Re-imagining genetic variation

By Razib Khan | September 26, 2012 12:39 am

To the left is a PCA from The History and Geography of Human Genes. If you click it you will see a two dimensional plot with population labels. How were these plots generated? In short what these really are are visual representations of a matrix of genetic distances (those distances being general FST), which L. L. Cavalli-Sforza and colleagues computed from classical autosomal markers. Basically what the distances measure are the differences across populations in regards to their genetics. The unwieldy matrix tables can be visualized as a neighbor-joining tree, or a two dimensional plot as you see here. But that’s not the end of the story.

In the past ten years with high density SNP-chip arrays instead of just representing the relationship of populations, these plots often can now illustrate the position of an individual (the methods differ, from components analysis or coordinate analysis, to multi-dimensional scaling, but the outcomes are the same).

 

 For example, the famous genetic map of Europe. Here you see the colors representing nationalities, and centroid positions of the populations as well as individuals. In this manner you can take into population genetic variation in a gestalt fashion. Nevertheless, these still leave something to be desired. They are precise and powerful, but they lack a certain elegance due to their scatter. When you have over a dozen color schemes, and overlapping populations, these are not minor matters. Additionally, the human eye is often not well tuned to note the finer gradients of density difference.
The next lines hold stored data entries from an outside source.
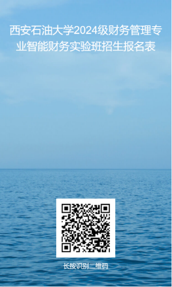 1.志愿填報。面向全校發(fā)布財務(wù)管理專業(yè)智能財務(wù)實驗班招生通知,通過問卷星(https://www.wjx.top/vm/Q0XRUo2.aspx#)填寫《西安石油大學(xué)2024級財務(wù)管理專業(yè)智能財務(wù)實驗班招生報名表》(每一位學(xué)生只能填寫1個實驗班報名表,多填、多報無效)。
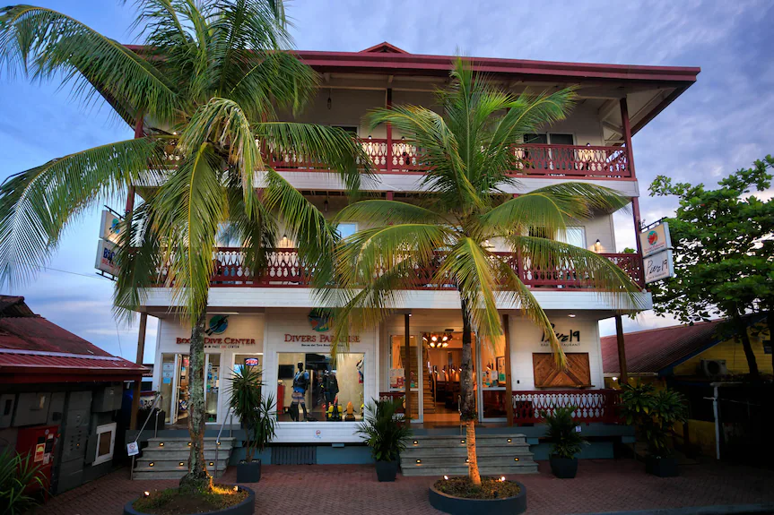 Top photo shows Turquoise Bay Dive Resort in Roatán, Honduras. Bottom photo shows Divers Paradise Boutique Hotel in Bocas del Toro, Panama.
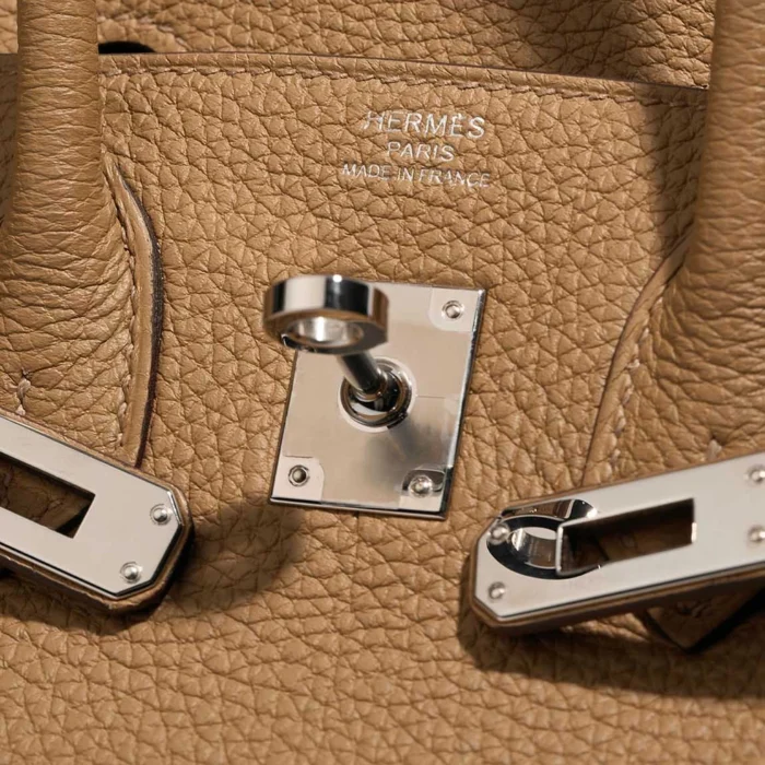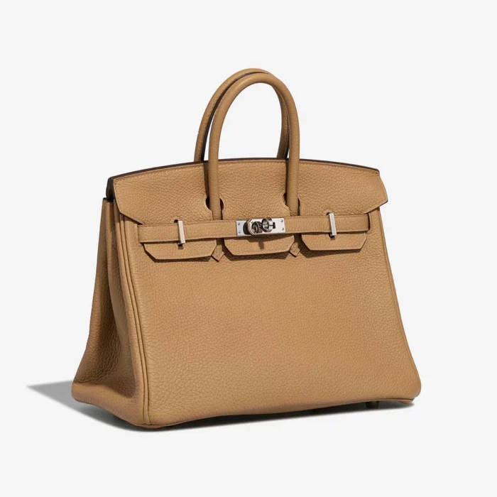 This Hermès Mirror Quality Replicas Birkin 25 features Togo Biscuit leather for a warm and neutral light brown. Palladium hardware provides a modern and sleek finish. Perfectly sized to carry your phone, wallet, and more. Togo leather is durable and has a lovely, natural grain. Carry it by the top handles or on your arm for a chic and understated elegance. Ideal for adding a touch of refined neutrality.
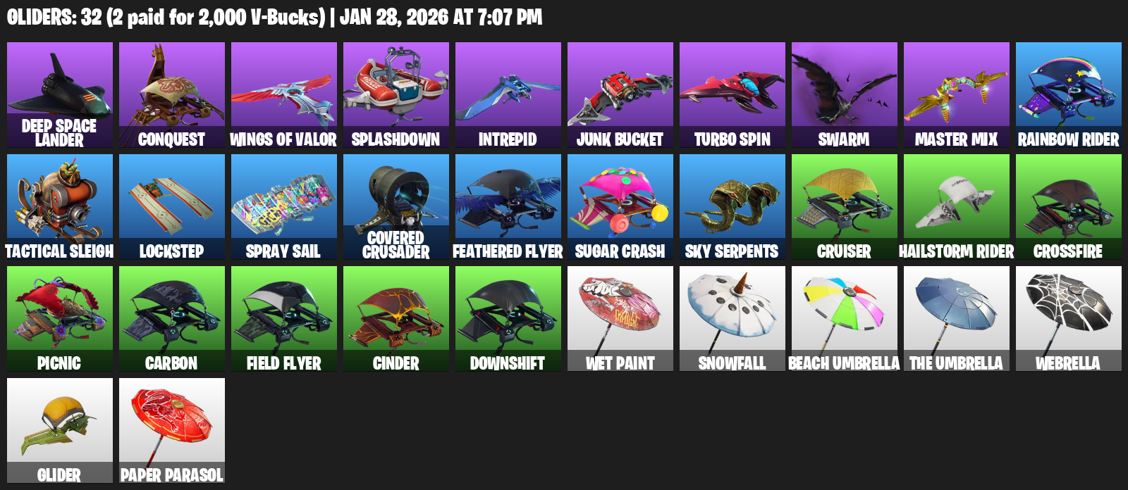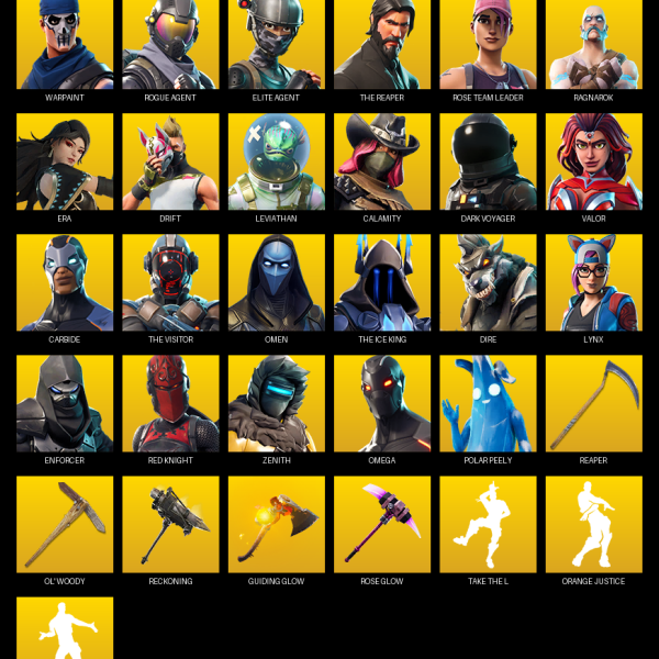 Elite Agent, The Reaper, Omega, Blue Striker, Trailblazer, Love Ranger, Carbide, Ragnarok, Raven, Calamity, Wukong, Rox, Sentinel, Drift, Fate, Oblivion, Blackheart, Dark Voyager, Omen
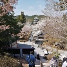 後醍醐天皇が樹立した南朝の皇居跡です。金峯山寺蔵王堂の西側の階段を降りたやや奥まった場所です。実城寺を皇居にし、改められた寺号が金輪王寺。現在は公園として整備されて南朝妙法殿が建てられ、後醍醐天皇その他南朝三帝の歌碑もあります。

This is clear when you move from a manageable number of populations (e.g., Europeans), to the world. In these cases you have to color in specific regions, else you’d get lost rather quickly. I can illustrate this easy enough. I’ve a data set I’m running right now with ~3,000 individuals and 250,000 SNPs. It’s a merge of HGDP, Behar et al., HapMap, etc. I decided to use PLINK to generate an MDS plot.

 

Here you see the unadorned scatter. To the top of the plot are Asian populations, and to the right African ones. Europeans are at the vertex to the bottom left. This should be familiar to you, though you may have to rotate it. One way to extract some clarity out of this picture is to color code the regions, and give different symbols to the lowest level category. Yes, this helps, but there are still limitations (and to be frank I often have a hard time making out triangles on these plots). First and foremost, I think we need to be unable to ascertain the variation in density of the scatter. A further plot will illustrate this (click to enlarge):

Most of the text is basically illegible. This is where a centroid method would do well; in lieu of a scatter of individuals you just label a population. Or, you could do something like allow points in various colors to represent populations, but put the labels at centroids only. This still runs into the problem that populations are not equidistant, so therefore you can have crowding.
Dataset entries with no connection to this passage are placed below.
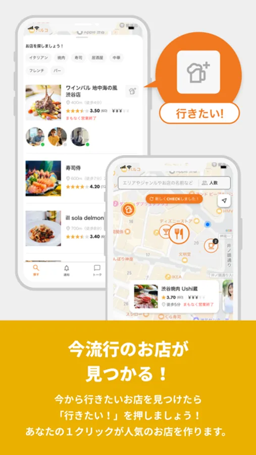 3.気になるお店を探して「行きたい」を設定したり、みんなが「行きたい」を設定しているお店をチェックすることができます。
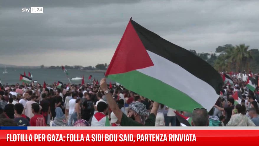 A Sidi Bou Said, vicino Tunisi, migliaia di persone si sono radunate per sostenere la Global Sumud Flotilla. La partenza della flotta verso Gaza è stata posticipata per motivi meteorologici e logistici, tra cui la riparazione dei danni provocati dall’attacco di due droni che hanno preso di mira le navi chiave del convoglio.
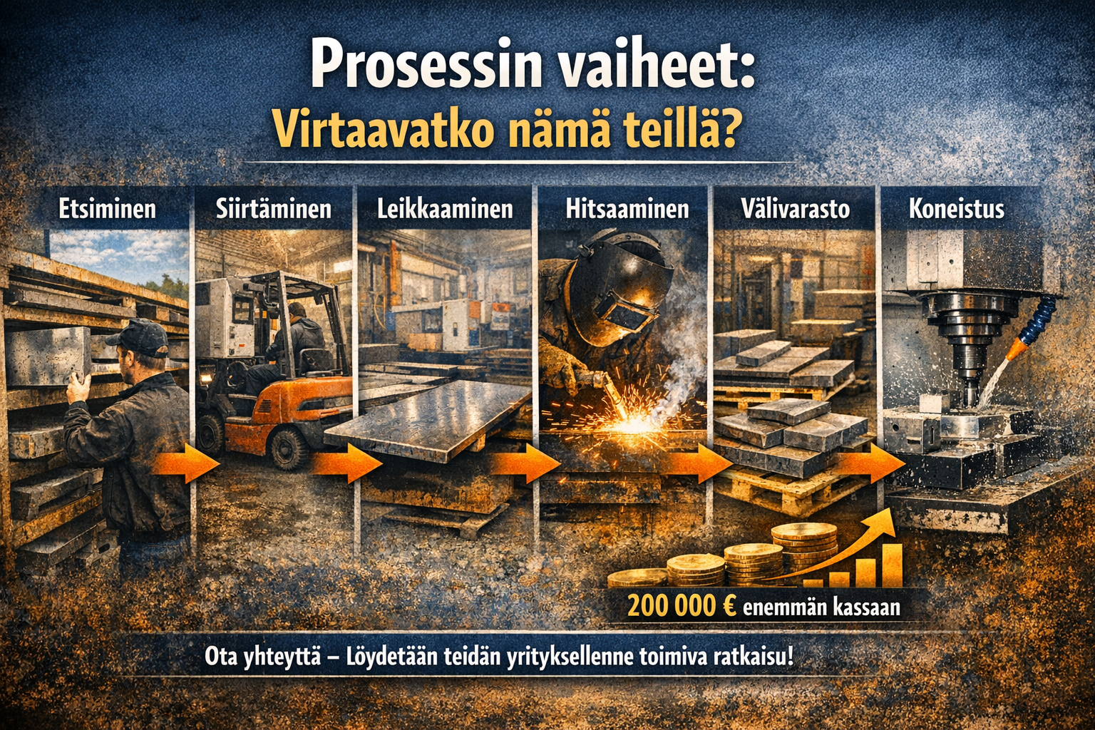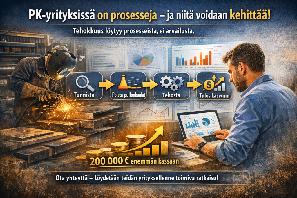 Moni yrittäjä ajattelee, ettei omassa konepajassa tai tuotantoympäristössä ole varsinaisia prosesseja. Todellisuudessa jokainen työvaihe, siirto ja odotus muodostaa prosessin, haluttiin sitä tai ei. Yrityksen koko ei muuta tätä.

Recently to address these issues I decided to use a ‘utilization distribution’ method which I saw in one of the ‘genetic map of Europe’ papers. The logic here is simple.
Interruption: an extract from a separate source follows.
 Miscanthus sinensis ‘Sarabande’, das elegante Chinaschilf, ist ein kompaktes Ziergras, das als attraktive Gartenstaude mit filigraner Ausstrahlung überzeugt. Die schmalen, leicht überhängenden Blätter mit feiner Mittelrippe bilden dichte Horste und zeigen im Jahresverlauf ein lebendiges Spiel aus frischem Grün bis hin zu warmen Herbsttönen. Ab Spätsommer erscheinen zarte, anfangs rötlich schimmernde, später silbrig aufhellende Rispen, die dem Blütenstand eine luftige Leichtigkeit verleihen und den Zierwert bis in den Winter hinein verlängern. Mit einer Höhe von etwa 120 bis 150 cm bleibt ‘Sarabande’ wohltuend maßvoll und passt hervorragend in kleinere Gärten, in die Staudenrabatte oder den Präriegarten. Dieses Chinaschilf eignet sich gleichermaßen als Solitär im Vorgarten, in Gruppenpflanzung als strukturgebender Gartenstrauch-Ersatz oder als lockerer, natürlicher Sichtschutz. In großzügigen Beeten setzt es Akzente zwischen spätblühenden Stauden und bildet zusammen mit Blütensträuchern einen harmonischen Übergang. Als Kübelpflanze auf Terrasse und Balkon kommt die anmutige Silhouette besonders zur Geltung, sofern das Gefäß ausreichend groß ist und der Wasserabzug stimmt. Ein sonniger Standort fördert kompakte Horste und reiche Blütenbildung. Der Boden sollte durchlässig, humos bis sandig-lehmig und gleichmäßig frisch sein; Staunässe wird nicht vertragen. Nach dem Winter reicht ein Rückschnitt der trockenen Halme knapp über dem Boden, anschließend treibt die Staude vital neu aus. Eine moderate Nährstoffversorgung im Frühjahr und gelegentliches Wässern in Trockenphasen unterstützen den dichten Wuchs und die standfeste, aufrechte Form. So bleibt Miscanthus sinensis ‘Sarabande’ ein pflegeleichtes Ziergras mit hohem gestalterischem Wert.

1) First, take the density distribution of the points on the plot by category and ‘smooth’ them. Basically this creates a continuous distribution where there was a discontinuous ones.

2) Then demarcate the central ~90% area as the bounds of the population distribution. Color these bounding lines differently.

Below you see the results:

Obviously there are some kinks to be worked out. But you see two things. First, some groups are clearly subsets of other groups in their distribution. This is very hard to discern in the other visualization methods above. Second, these plots are taking density into account, so you aren’t distracted by outliers (which may be mislabeling by the analyst or the original collector of the samples).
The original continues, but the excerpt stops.